[Stored dataset items]
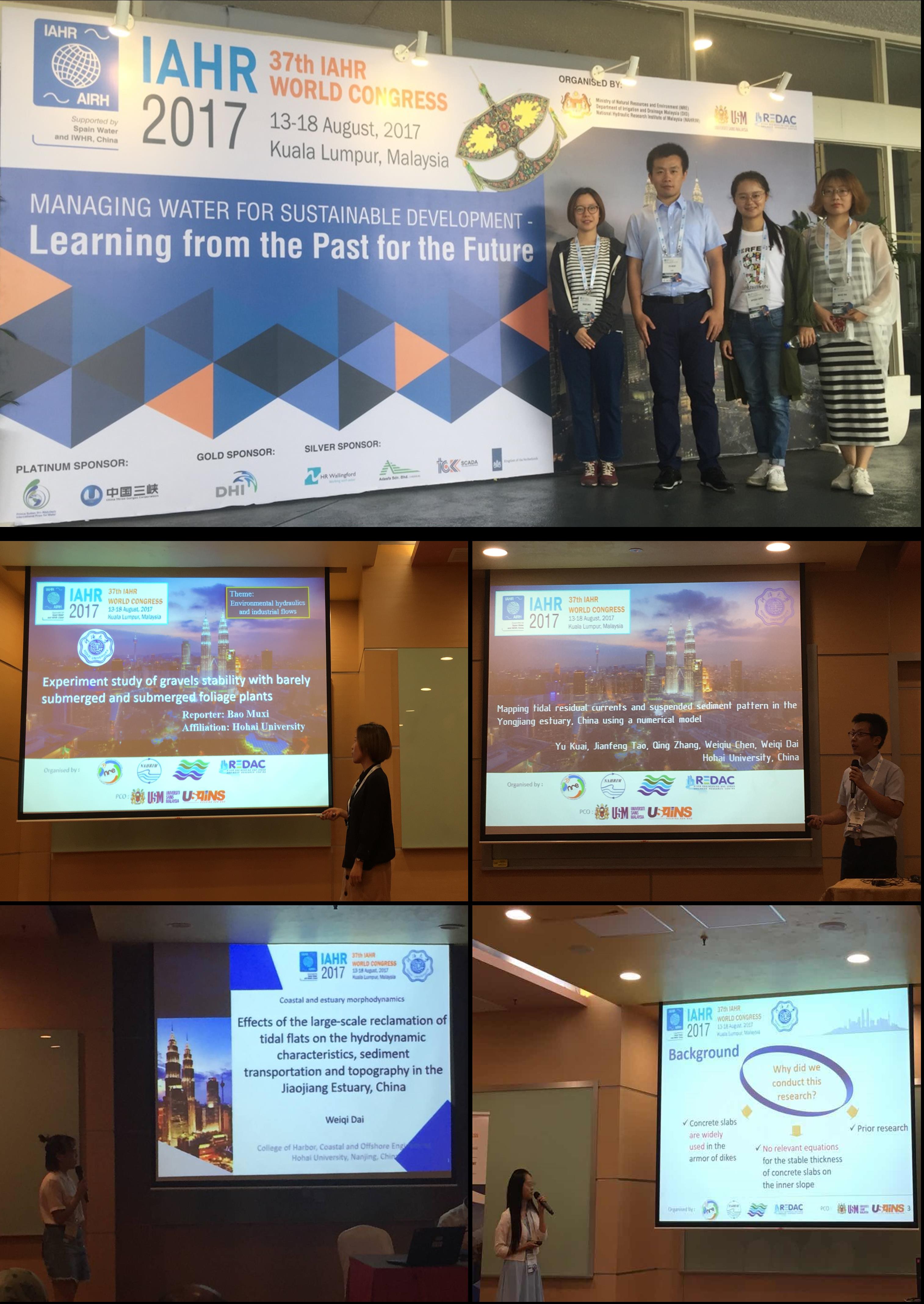 2017年8月13~8月18日,SEX8 港航院博士生包沐曦、戴玮琦,以及硕士生陈伟秋、蒯宇前往马来西亚吉隆坡参加了第37届IAHR(International Association for Hydro-Environment Engineering and Research)国际会议。SEX8 学生分别在大会上作了题为:“Experiment study of gravels stability with barely submerged and submerged foliage plants”, “Effects of the large-scale reclamation of tidal flats on the hydrodynamic characteristics, sediment transportation and topography in the Jiaojiang Estuary, China ”, “Experimental study on stable thickness of concrete slab revetment on inner slope of dikes”和“Mapping tidal residual currents and suspended sediment concentration pattern in the Yongjiang estuary, China using a numerical model”的口头报告,并与国际同行进行了深入交流。
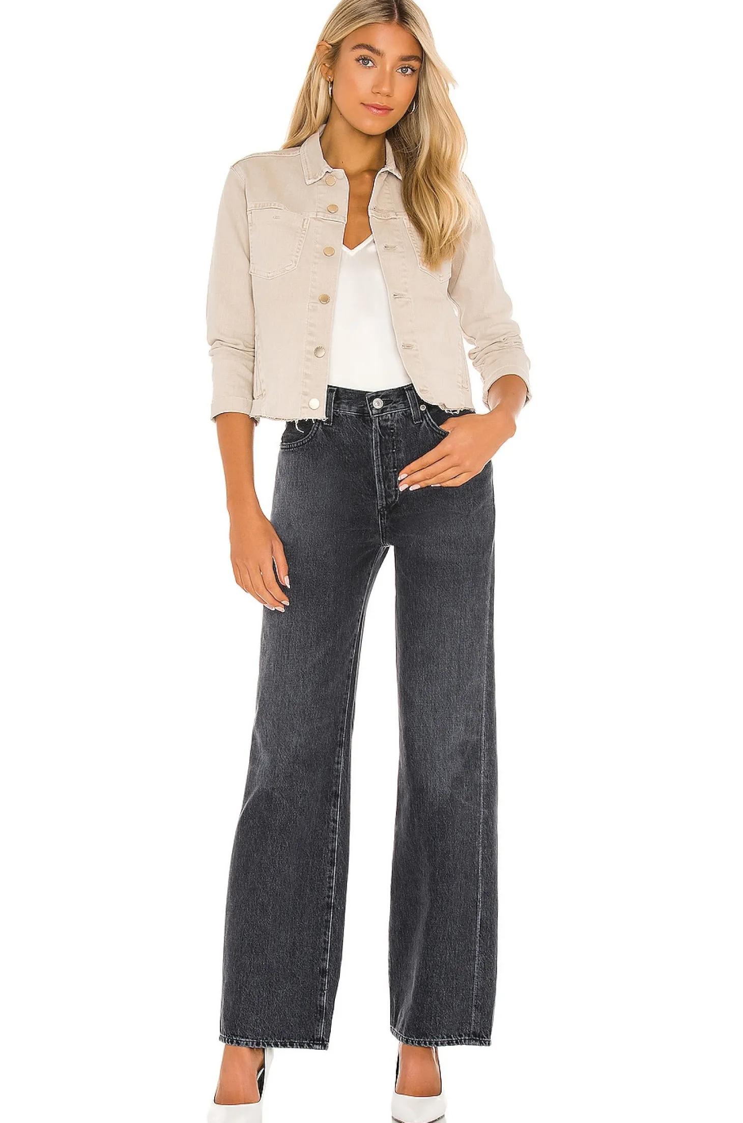98% cotton 2% spandex.Light fading and distressed detail.Front button closure.Breast pockets and side welt pockets.Raw cut cuffed sleeves.Raw cut hem.Made in USA
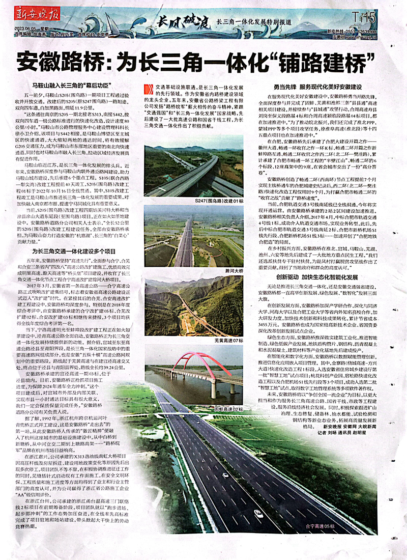 【名媒聚焦】新安晚報(bào):安徽路橋——為長(zhǎng)三角一體化“鋪路建橋”
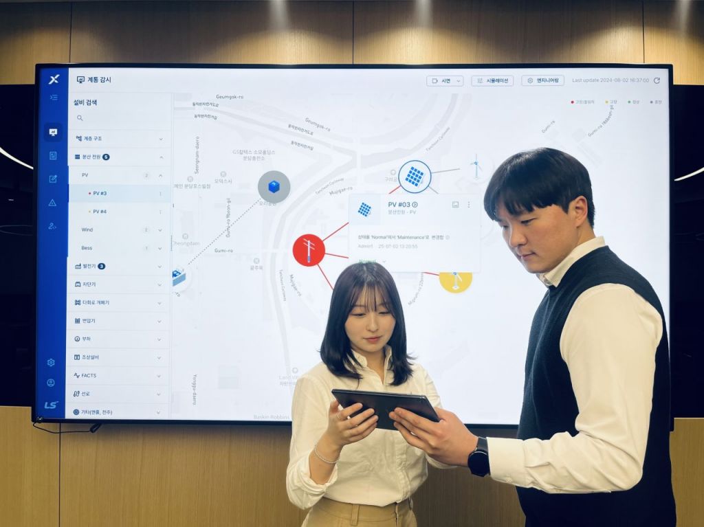 LS일렉트릭 임직원들이 ‘정전관리시스템(OMS)’ 계통감시 화면을 통해 배전망 상태를 점검하고 있는 모습. LS일렉트릭
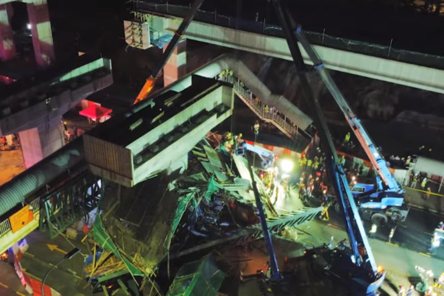 The accident occurred at around 6pm on Wednesday when a trailer lorry carrying an excavator was believed to have hit the scaffolding of the pedestrian bridge near a major highway, the Middle Ring Road 2, in Desa Tun Razak.
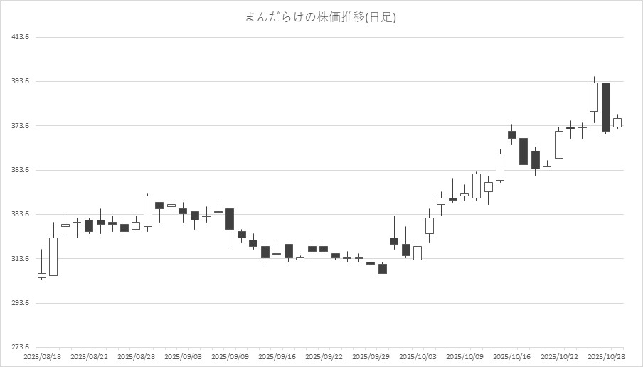最後に騰落ランキングを見ると、シリコンスタジオ<3907>やSEH&I<9478>、サンリオ<8136>、まんだらけ<2652>が値上がり率上位となり、モブキャストHD<3664>、IGポート<3791>、Aiming<3911>、SHIFT<3697>が値下がり率上位となった。
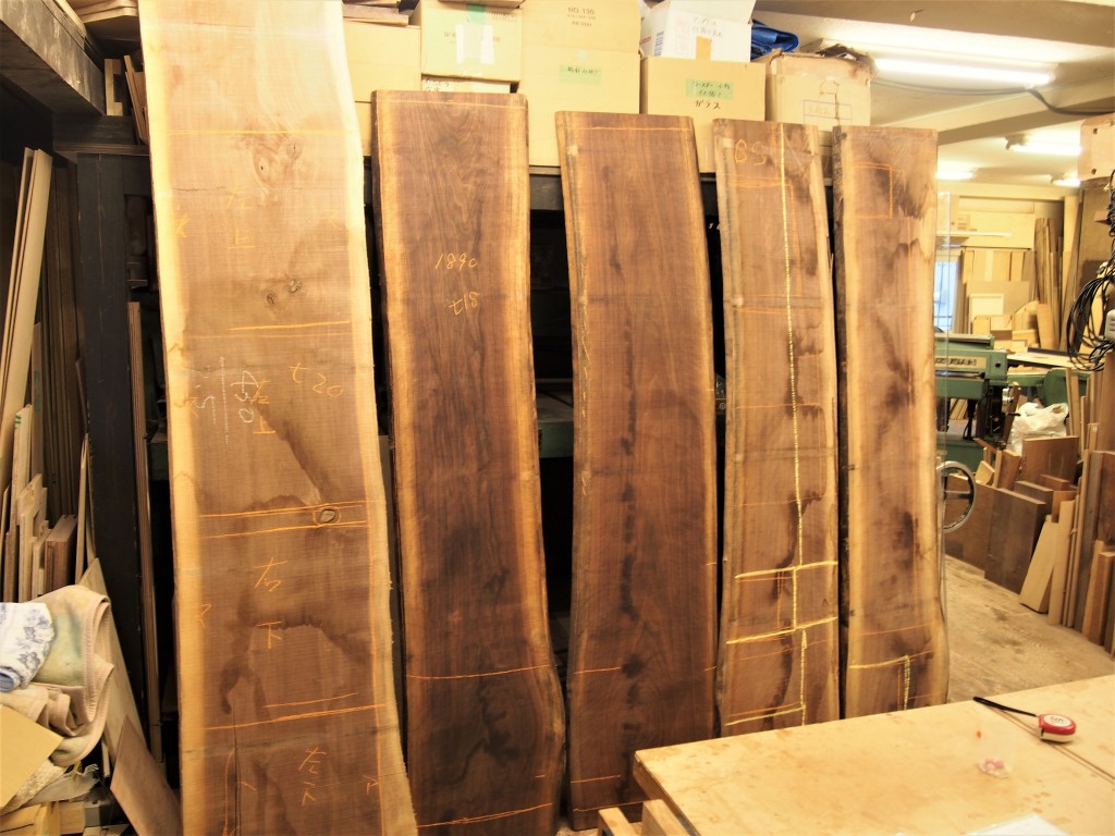 各棚板用の材も耳の形状含めて木取を検討していきます。

*WHAT YOU SHOULD DO:*
An exact copy of the records above is needed, with the pictures removed.

*SOLUTION FOR THIS TASK:*
 2017年8月13~8月18日,SEX8 港航院博士生包沐曦、戴玮琦,以及硕士生陈伟秋、蒯宇前往马来西亚吉隆坡参加了第37届IAHR(International Association for Hydro-Environment Engineering and Research)国际会议。SEX8 学生分别在大会上作了题为:“Experiment study of gravels stability with barely submerged and submerged foliage plants”, “Effects of the large-scale reclamation of tidal flats on the hydrodynamic characteristics, sediment transportation and topography in the Jiaojiang Estuary, China ”, “Experimental study on stable thickness of concrete slab revetment on inner slope of dikes”和“Mapping tidal residual currents and suspended sediment concentration pattern in the Yongjiang estuary, China using a numerical model”的口头报告,并与国际同行进行了深入交流。
98% cotton 2% spandex.Light fading and distressed detail.Front button closure.Breast pockets and side welt pockets.Raw cut cuffed sleeves.Raw cut hem.Made in USA
 【名媒聚焦】新安晚報(bào):安徽路橋——為長(zhǎng)三角一體化“鋪路建橋”
 LS일렉트릭 임직원들이 ‘정전관리시스템(OMS)’ 계통감시 화면을 통해 배전망 상태를 점검하고 있는 모습. LS일렉트릭
 The accident occurred at around 6pm on Wednesday when a trailer lorry carrying an excavator was believed to have hit the scaffolding of the pedestrian bridge near a major highway, the Middle Ring Road 2, in Desa Tun Razak.
最後に騰落ランキングを見ると、シリコンスタジオ<3907>やSEH&I<9478>、サンリオ<8136>、まんだらけ<2652>が値上がり率上位となり、モブキャストHD<3664>、IGポート<3791>、Aiming<3911>、SHIFT<3697>が値下がり率上位となった。
 各棚板用の材も耳の形状含めて木取を検討していきます。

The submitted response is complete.